それは、幼い頃から「必須科目」として読んでいた「易経」や「老子」、それに陰陽五行説関係の本たちだ。
陰陽五行説 学問
東洋には「陰陽五行説」という思想がある。
「陰陽」といえば我が国では陰陽師とか陰陽道とかのイメージで、何やらオカルトやまじないめいた怪しげなものとお思いの方も多いと思うが、古代中国で生まれた陰陽五行説は、まず道徳であり、自然科学であり、、物理学であり、環境工学であり、心理学である。
つまり「学問」が体系付けられて分類される以前の時代の、総合的な学問のようなものだと思ってほしい。
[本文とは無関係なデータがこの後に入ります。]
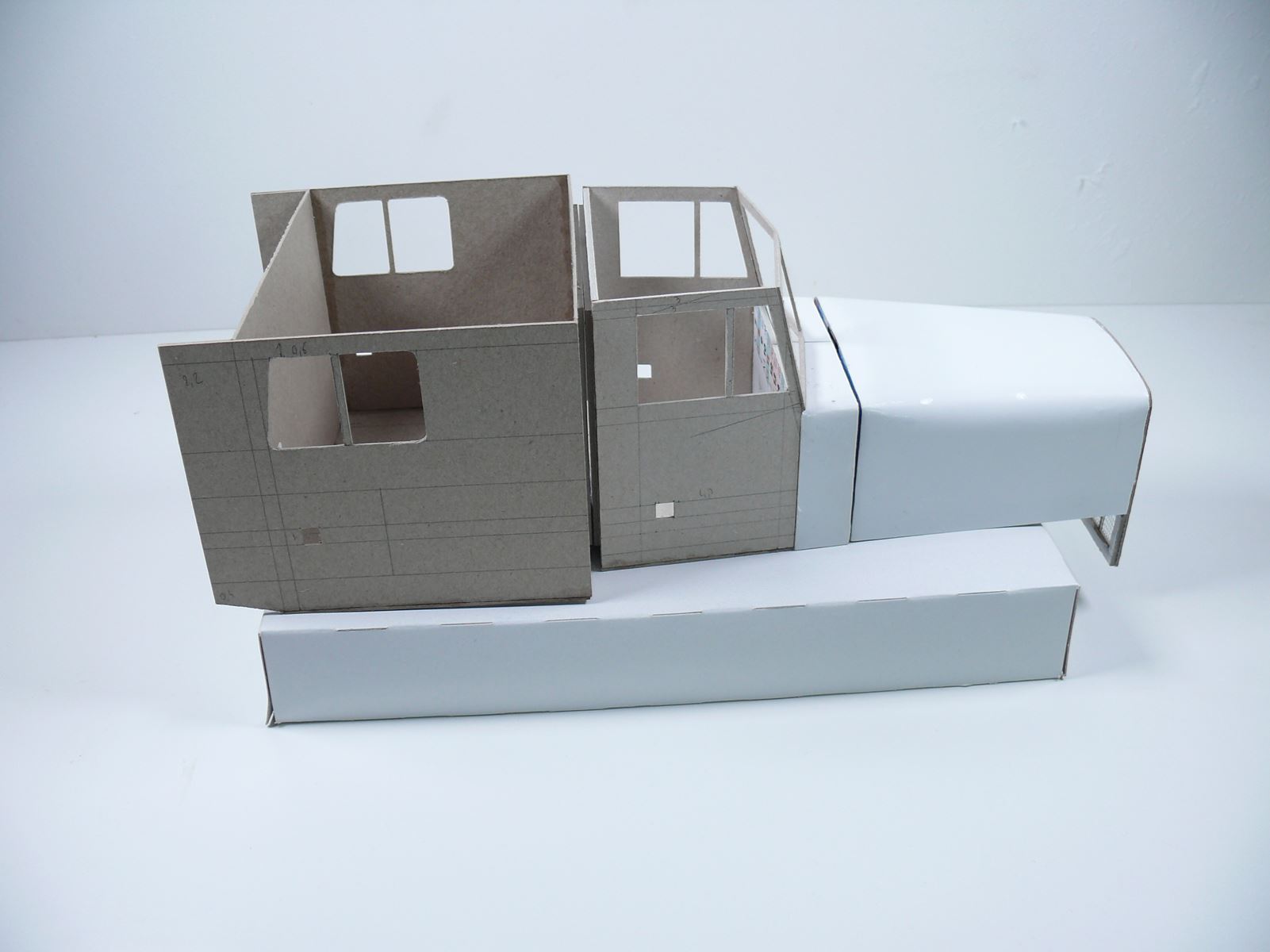 Les faces externes de la carrosserie ont été habillées, les gardes boue ont été montés, le pare-soleil a été ajouté et le chassis a été monté. Prochaine étape : construction des roues.

風水や卦は、この陰陽五行の思想に基づいたものであるし、身近なところでは暦の中の「曜日」なんかも、陰陽五行説のほんの一部を発展/アレンジさせたものある。
陰 陽 コントラスト
陰陽五行の根幹にある物の考え方をものすごくざっくり言い表すと、
『大自然の大きな摂理から、人間社会の細かな事象に到るまで、すべての事柄に陰極と陽極が存在し、その両極が互いに作用することで理力が生まれ、物事は動いて行くよ。世の中にはパッと見てすぐにそれと判らんよーな曖昧なものがとても多かったりするけれども、それこそ陰と陽が混ざり合って互いに影響を与え合っている姿そのものだから、曖昧なままでいいんだよ』
と、いうものだ。
『曖昧なものは曖昧でいい。むしろその“曖昧”の中にある陰と陽のコントラストを見極めて楽しみなさい』
というこの思想は、私の「何故?」を心地良く解いてくれた。
その考えを根幹に持って音楽と対峙すると、実に楽しいし、音楽の奥底にある精妙で不可視の部分から「伝わってくるもの」がより細かく「分かる」のだ。
音楽観 陰陽五行 西洋哲学
例えば
「あ、マイルス・デイヴィスって“陰”だよね、でも新しい音楽をどんどん取り入れたり、ポップスやったりする姿勢は”陽”だね」
とか
「アメリカン・ロックはパワフルでワイルドなバンド(陽)が多いけど、ニルヴァーナとかヴェルヴェット・アンダーグラウンドみたいな屈折した”陰”のバンドが流れを変えることがあるよね」
とか。
もっと単純に「サザンオールスターズはすっごく明るくてポジティブな音楽作ってるけど、桑田圭祐のソロ・アルバムは時々ゾッとするようなシュールな曲が入ってる。あ、サザンの歌詞もよくよく読んだらシュールだわこれ」
とか。
読者の皆さんには、別に陰陽五行の勉強をしなさいとはいわない(実際面倒臭いからオススメはしない)が、音楽を聴くときに、基準として「陰と陽」というモノサシを頭の隅に置いて音楽と対峙して欲しい。
陰陽五行の考え方は、私の音楽観を豊かに拡げてくれた。
と、思ったら実は逆だ。
音楽こそが、西洋哲学や陰陽五行説を私に学ばせて、理解や吸収を後押ししてくれたのだった。